Something similar happened months later when the Treasury Department removed sanctions on Horacio Cartes, the former President of Paraguay, in October 2025.
In 2023, the Treasury Department had accused Cartes of collecting bribes through representatives during private events held by the Iran-backed terrorist group, Hezbollah. Cartes was also involved in “rampant corruption,” the agency stated, including allegedly using $1 million of his personal funds to buy the votes of legislators to push for a constitutional reform that would have allowed him to run for a second term.
Cartes had not demonstrated a clear change in that sort of behavior when he was delisted, said Marc Ostfield, who served as the U.S. ambassador to Paraguay from 2022 to 2025.
“The U.S. says that hyperlinks to Hezbollah are a grave concern of this present administration,” said Ostfield. “So it is actually onerous to grasp why the U.S. would carry sanctions on Cartes.”
One individual faraway from the Treasury Division’s sanctions checklist has already used his renewed entry to the U.S. for a gathering with a member of the Trump administration.
When, in October 2025, the U.S. eliminated sanctions on Milorad Dodik, the previous President of the Republika Srpska who was beforehand sanctioned for “undermin[ing] the stability of the Western Balkans region through corruption and threats to long-standing peace agreements,” some U.S. politicians mentioned.

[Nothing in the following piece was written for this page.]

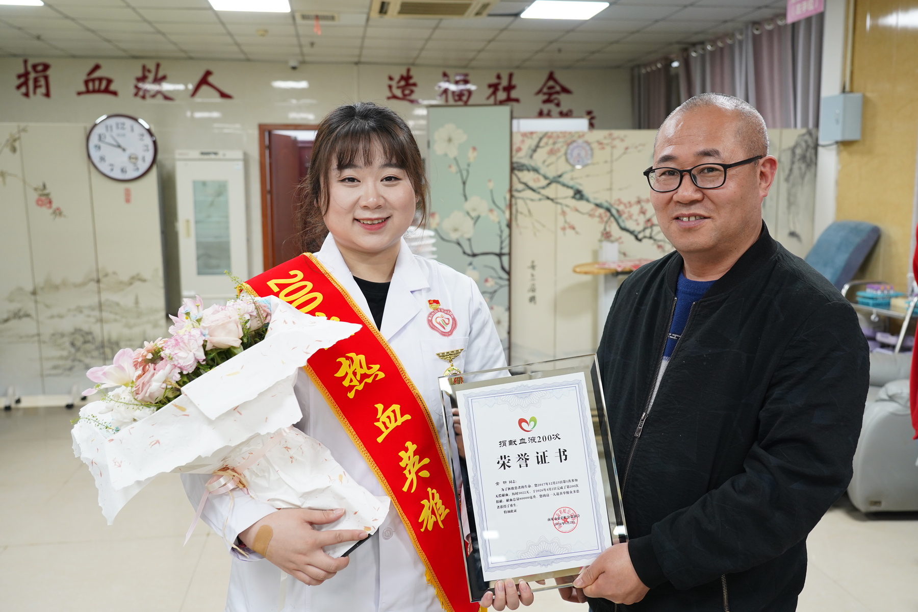 采血现场,温情涌动。郑茹琼站长为金昕送上200次献血纪念杯和鲜花,动情地说道:“金昕是新一代血站人的代表和骄傲,献血200次真的不容易,值得点赞和大力宣传。”。

“Dodik has undermined the Dayton Peace Agreement, cozied up to Putin, and profited from corruption — hardly grounds for relief,” mentioned Sen. Shaheen, the New Hampshire Democrat. “The American people deserve answers.”
However on Feb. 6, 2026, Dodik posted three photographs on X of him and White Home Press Secretary Karoline Leavitt contained in the White Home.
We had a really constructive assembly on the White Home with Karoline Leavitt @PressSec , Press Secretary to President Donald Trump.
President Trump’s @realDonaldTrump coverage — grounded in non-interference within the inner affairs of different nations, a transparent departure from… pic.twitter.com/MU6GLpY2js
— Милорад Додик (@MiloradDodik) February 6, 2026
NPR requested the White Home to clarify why Dodik’s sanctions have been eliminated and why Leavitt met with Dodik in February. A consultant for the White Home declined to reply by e mail.
Pressman mentioned the latest examples battle with the aim of the sanctions applications.
“This authority is being utilized in ways to augment the power of an individual rather than advance our country’s interests,” mentioned Pressman, including it’s “rewarding loyalists and punishing those who are perceived to be opponents.”
NPR want to hear from folks with details about foreigners whose sanctions have been eliminated final yr. You possibly can ship an e mail to the reporter of this text at [email protected], or contact her on the end-to-end encrypted platform Sign right here. Her username is: ceis.78.